List of Famous people who died in 1984
Wolfgang Staudte
Wolfgang Staudte, born Georg Friedrich Staudte, was a German film director, script writer and actor. He was born in Saarbrücken.
Lee Krasner
Lenore "Lee" Krasner was an American abstract expressionist painter, with a strong speciality in collage, who was married to Jackson Pollock. Although there was much cross-pollination between their two styles, the relationship somewhat overshadowed her contribution for some time. Krasner’s training, influenced by George Bridgman and Hans Hofmann, was the more formalized, especially in the depiction of human anatomy, and this enriched Pollock’s more intuitive and unstructured output.
Muharrem Ertaş
Muharrem Ertaş was a Turkish folk music singer and a virtuoso of the traditional Turkish instrument bağlama. He was one of the most important members of the Bozlak genre.
Kazuo Hasegawa
Kazuo Hasegawa was a Japanese film and stage actor. He appeared in over 300 films between 1927 and 1963.
Ümit Yaşar Oğuzcan
Ümit Yaşar Oğuzcan was a Turkish poet.
Josef Hartinger
Josef Michael Hartinger was a German lawyer who worked for the Bavarian State authorities in the latter years of the Weimar Republic when the Nazis came to power. Tasked with investigating some unnatural deaths at the Dachau concentration camp near Munich, Hartinger together with his medical examiner colleague, Moritz Flamm, discovered the SS policy of summary executions and faked suicides at the camp. At great risk to his own safety, Hartinger issued an indictment of the camp authorities, which was ultimately betrayed and suppressed.
Viktor Chukarin
Viktor Ivanovich Chukarin was a Soviet gymnast. He won eleven medals including seven gold medals at the 1952 and 1956 Summer Olympics and was the all-around world champion in 1954. He was the most successful athlete at the 1952 Summer Olympics.
Joseph Losey
Joseph Walton Losey III was an American theatre and film director, producer, and screenwriter.

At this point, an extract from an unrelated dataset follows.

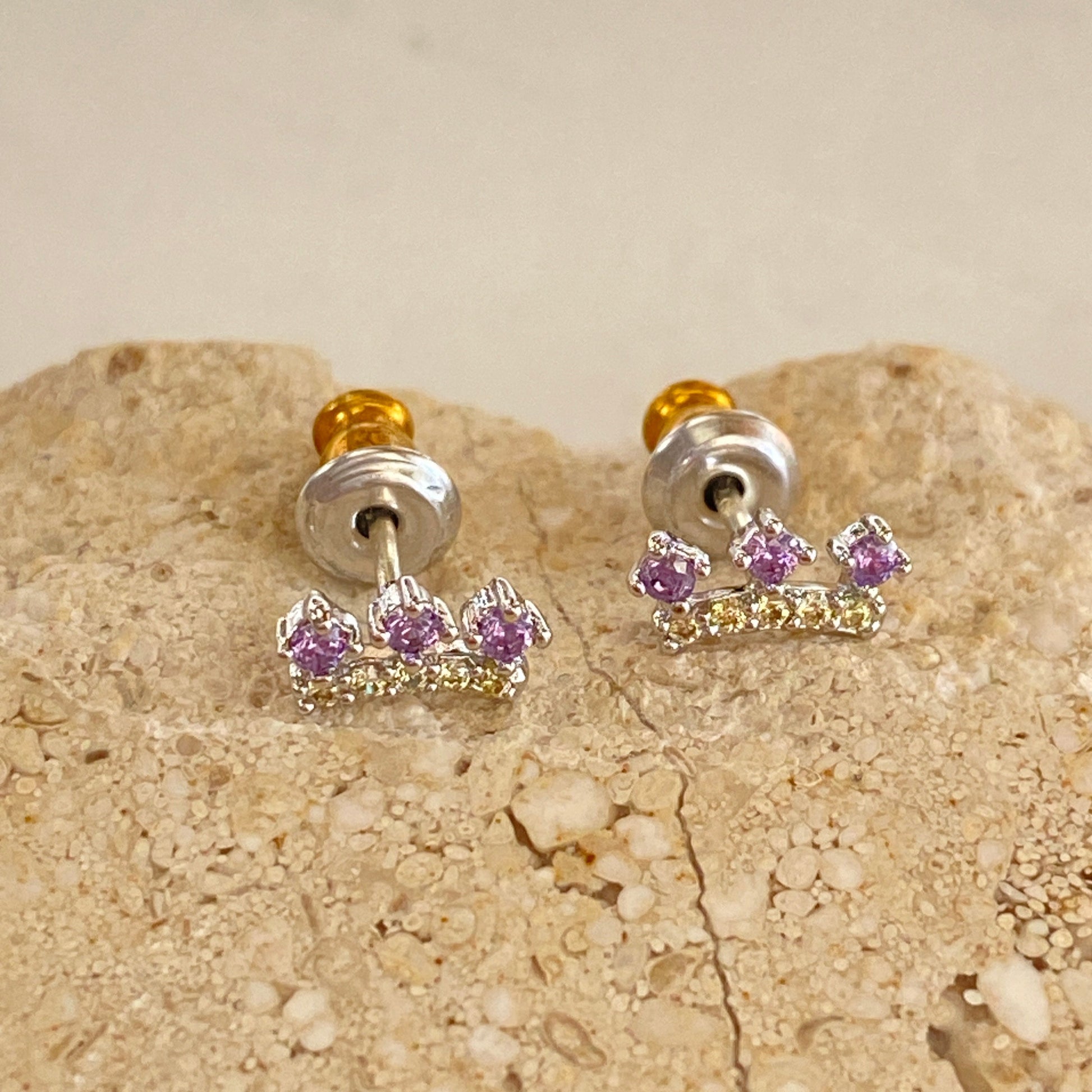 Experience the beauty of the Little Crown Stud Earring, a stunning 8mm long piece crafted with precision. Hand-set with a dazzling purple stone, add a touch of sophistication to your look with this dainty and stylish accessory.
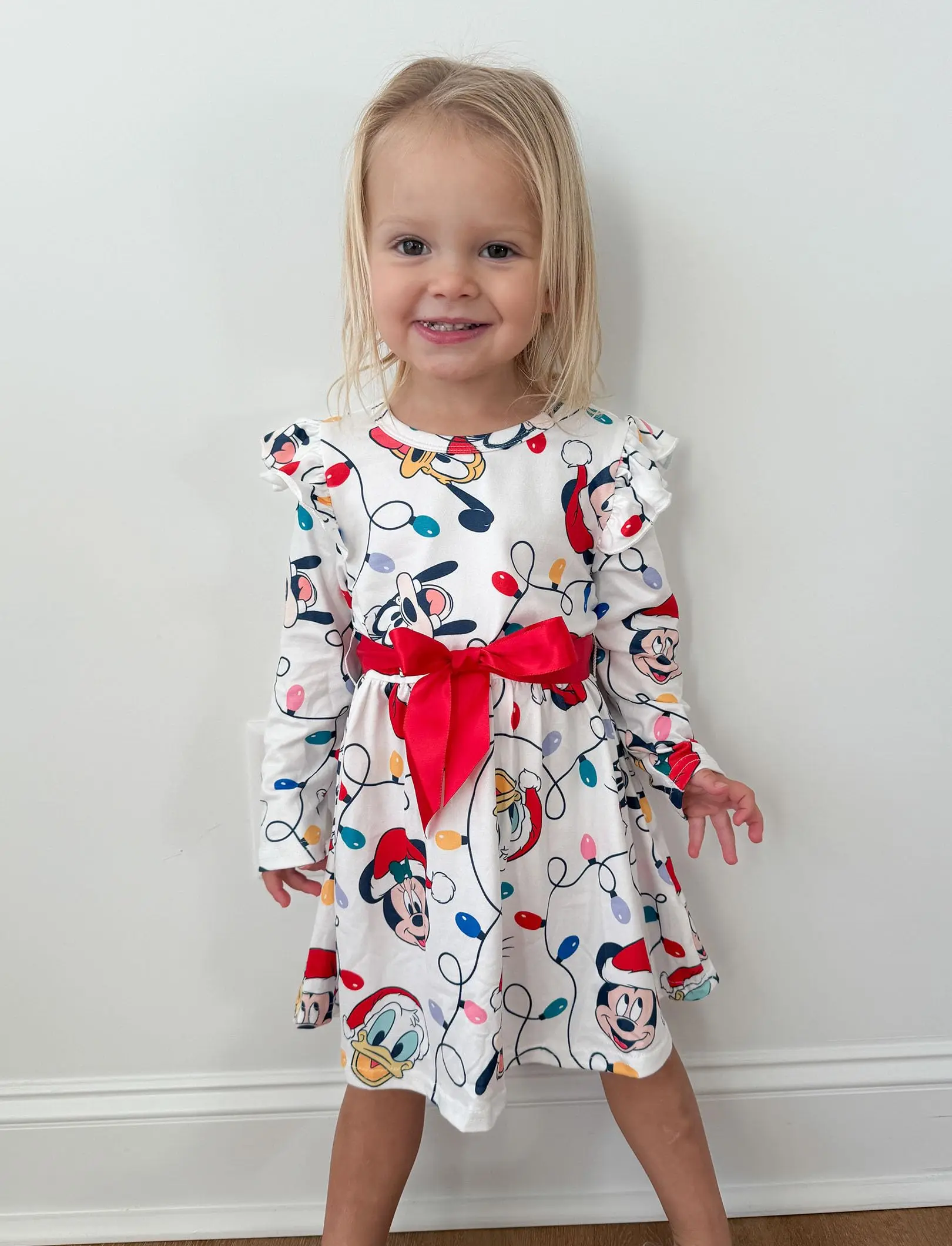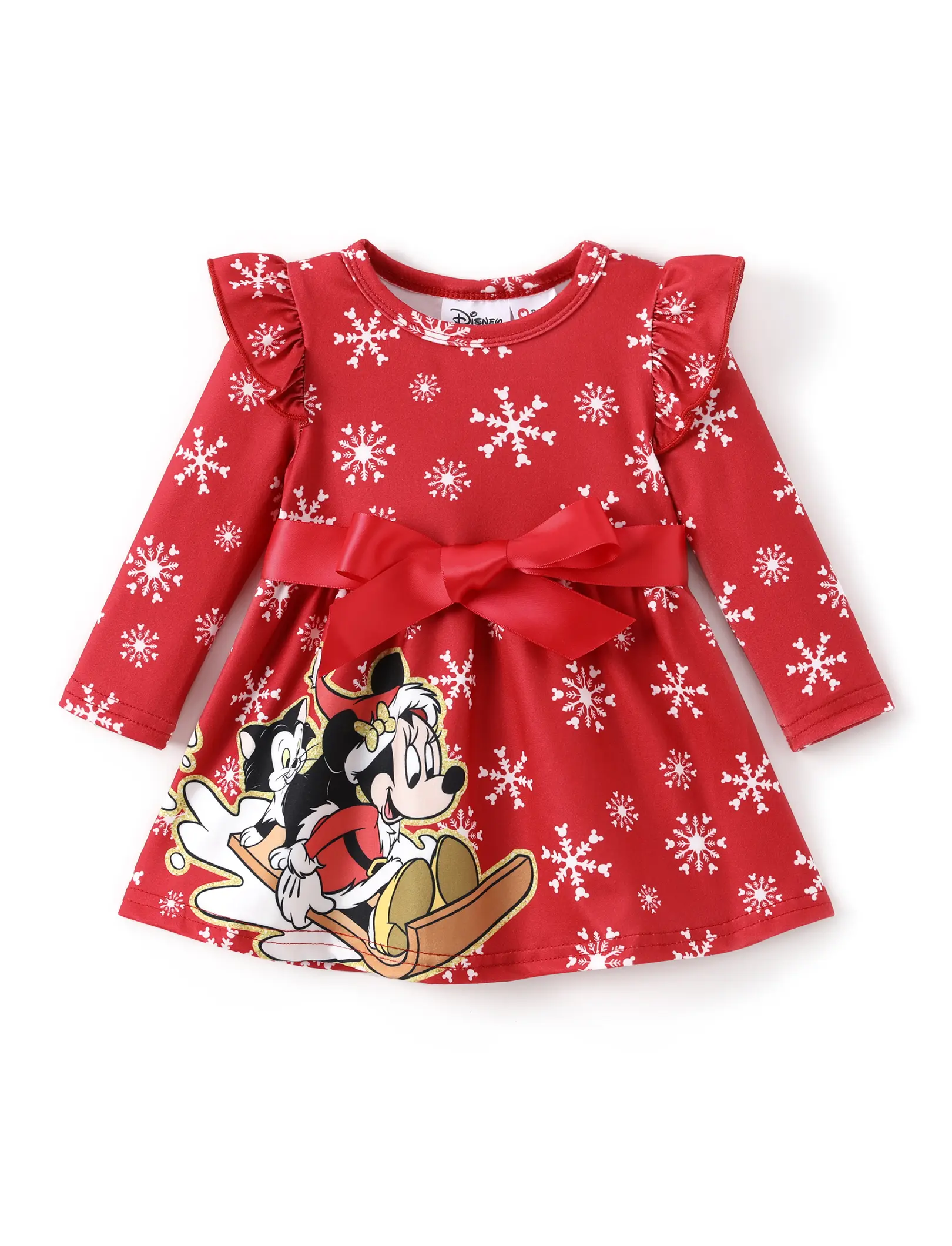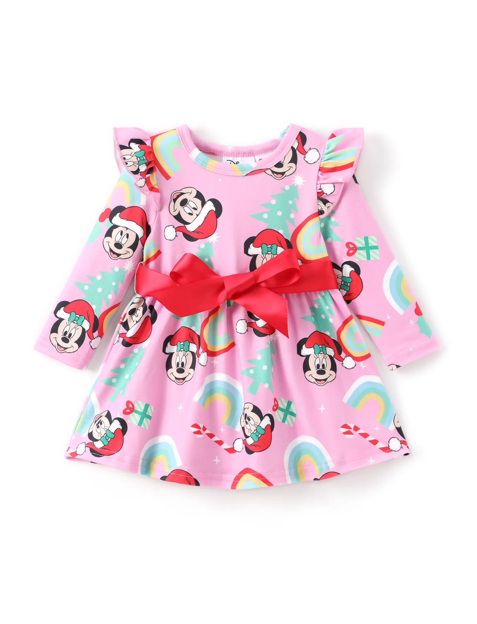 ✨ This baby girl dress features a charming Mickey & Friends print, perfect for holiday adventures. The dress includes a cute bow, making it a standout piece for photos and special occasions. Designed for baby girls, it adds a whimsical touch to any Christmas celebration.

Born in Wisconsin, he studied in Germany with Bertolt Brecht and then returned to the United States. Blacklisted by Hollywood in the 1950s, he moved to Europe where he made the remainder of his films, mostly in the United Kingdom. Among the most critically and commercially successful were three films with screenplays by Harold Pinter: The Servant (1963), Accident (1967) and The Go-Between (1971).
Munif al-Razzaz
Munif al-Razzaz was a Jordanian-Syrian physician and politician who was the second, and last, Secretary General of the National Command of the Arab Socialist Ba'ath Party, having been elected to the post at the 8th National Congress held in April 1965.
Semih Sancar
Semih Sancar was Chief of the General Staff of Turkey from 1973 to 1978, a period including the 1974 Turkish occupation of Cyprus. He was previously Commander of the Turkish Land Forces (1972–1973) and General Commander of the Gendarmerie of Turkey (1969–1970).